随即它往后一退,蛇一般盘进了无脸男的手里。
而那男人不知几时已站在了冥公子的面前,铁链上的火渗进了他的身体,这让他看起来仿佛一块熊熊燃烧着的人形的炭。
可是通体的温度却低得惊人。
即便我跟他之间隔着五六步的距离,仍能感觉到一股令人无处遁形的阴寒,强烈得直透骨髓。
这样的温度瞬间让我有些承受不住。我试图后退,可很快看到冥公子侧眸朝我递了个眼神。
他不让我动,我自然没敢乱动。
正琢磨着冥公子这样阻止我的用意,下一秒,我呼吸突地一窒,因为我看到我身周五六步开外的范围内,地面和墙壁以及小区入口那道大门上如同变魔术似的,哗啦一下铺开了一层厚厚的冰晶。

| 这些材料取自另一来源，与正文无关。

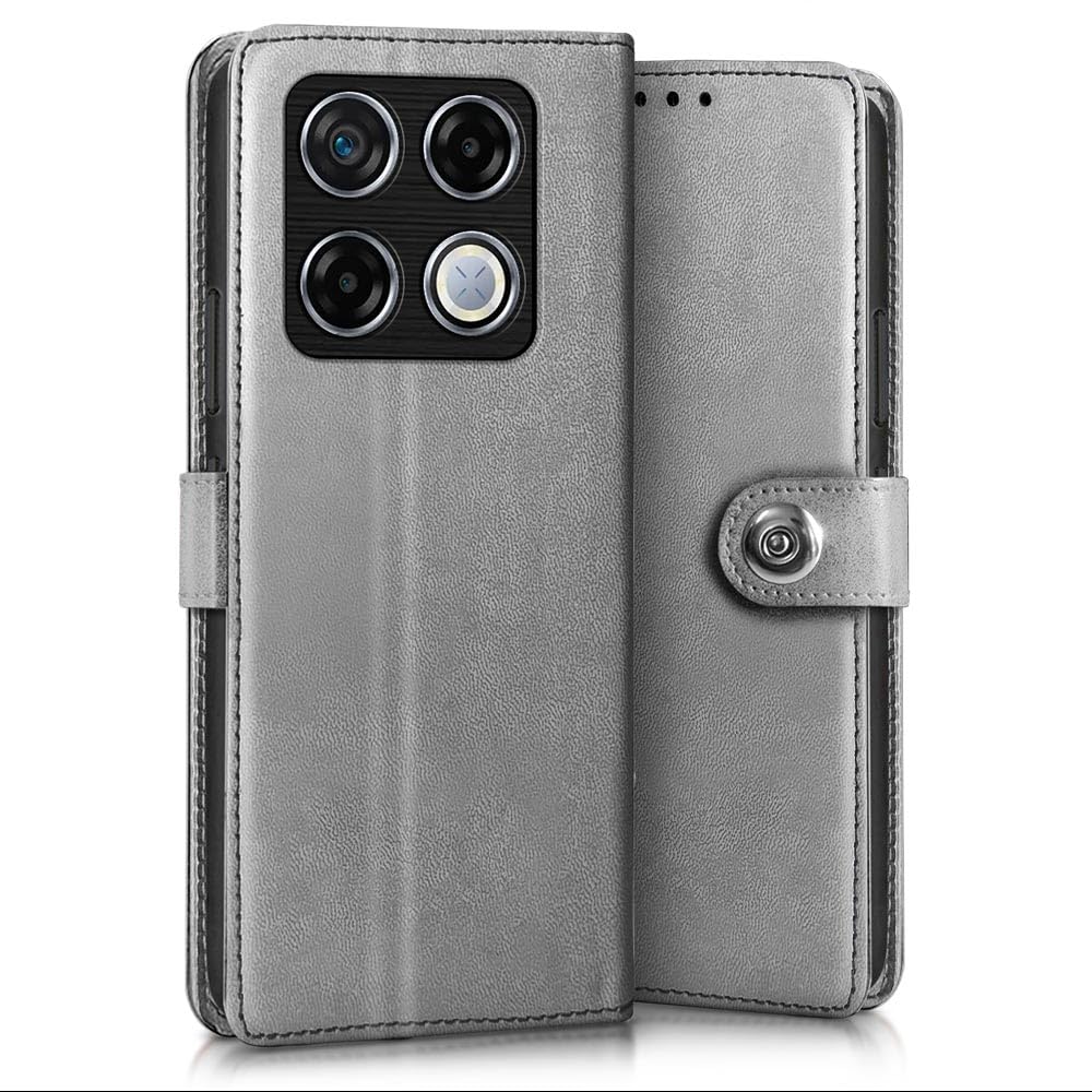 Buy premium shock proof flip cover back case for infinix gt 20 pro. Leather finish with magnetic flip closure, wallet pockets and stand support. Durable protection against drops and scratches with a perfect fit for infinix gt 20 pro.

闪闪烁烁的,这些东西在路灯下煞是好看,但眼下这种情况,谁能有心情欣赏?
深秋季节,虽冷但夜里仍有十来度,所以能瞬间在这气候并不寒冷的地方凝出冰晶来,得是低到怎样级别的温度?
没等我想清楚这个问题,便见冥公子身上那层‘画皮’一块块从他身上剥落了下来。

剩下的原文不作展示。